■ WHAT IS NEEDED ■
Your answer must be the lines from the first record through the line that contains "Includes 30 Wooden", copied exactly and without any pictures.

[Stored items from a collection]
***

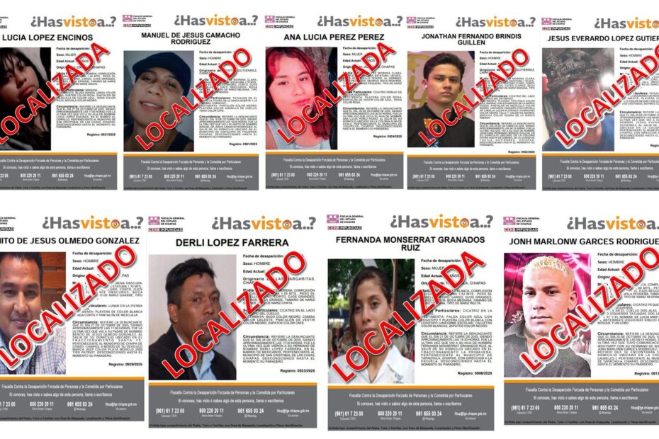 La Fiscalía General del Estado presentó a nueve personas, quienes contaban con reporte de No Localizadas en los municipios de Tuxtla Gutiérrez, Arriaga, Oxchuc, Tapachula, Las Margaritas, Cintalapa y Jiquipilas, los cuales son hechos aislados entre sí.
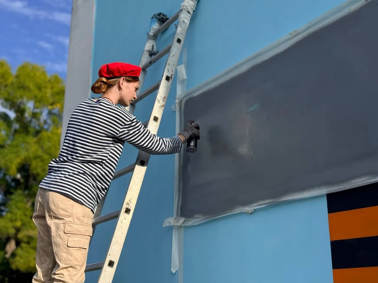 На стене в районе сквера Славы изображают портреты участника СВО и одного из юнармейцев города, принимающего активное участие в мероприятиях, имеющего достижения и награды.
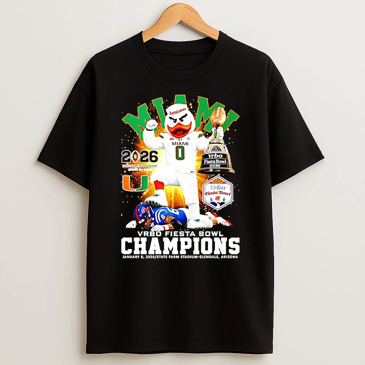 Miami Hurricanes Cfp Fiesta Bowl Champions 2026 Mascot T Shirt
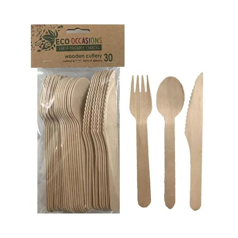 Includes 30 Wooden Cutlery Natural Set Measures Knives are approx 165mm tall and have a serrated edge. Forks & Spoons are approx 155mm tall. Wooden Cutlery is made from FSC accredited Birchwood. High-Quality Coordinate with other party supplies and party tableware
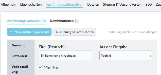 2. Wenn Sie möchten, dass Ihre Kunden zu jedem Artikel in der Bestellung einen Kommentar abgeben, können Sie Ausführungsalternativen verwenden. Die Kunden können ihre Kommentare zu jedem Produkt in der Bestellung hinterlassen, was sich auch auf der Bestelldetailseite widerspiegelt. Sie können die Ausführungvariante auf der Registerkarte Ausführungsalternativen in Ihrem MyCOMMERCE Konto → Katalog → Artikel, die Produktdetailseite, aktivieren. Klicken Sie auf die Option Neu, benennen Sie sie, wählen Sie Textfeld im Dropdown-Menü für den Eingabetyp. Aktivieren Sie die Option Pflichtfeld, wenn Sie möchten, dass sie obligatorisch ist, und speichern Sie die Änderungen:

***

■ WRITTEN RESPONSE ■
 La Fiscalía General del Estado presentó a nueve personas, quienes contaban con reporte de No Localizadas en los municipios de Tuxtla Gutiérrez, Arriaga, Oxchuc, Tapachula, Las Margaritas, Cintalapa y Jiquipilas, los cuales son hechos aislados entre sí.
 На стене в районе сквера Славы изображают портреты участника СВО и одного из юнармейцев города, принимающего активное участие в мероприятиях, имеющего достижения и награды.
 Miami Hurricanes Cfp Fiesta Bowl Champions 2026 Mascot T Shirt
 Includes 30 Wooden Cutlery Natural Set Measures Knives are approx 165mm tall and have a serrated edge. Forks & Spoons are approx 155mm tall. Wooden Cutlery is made from FSC accredited Birchwood. High-Quality Coordinate with other party supplies and party tableware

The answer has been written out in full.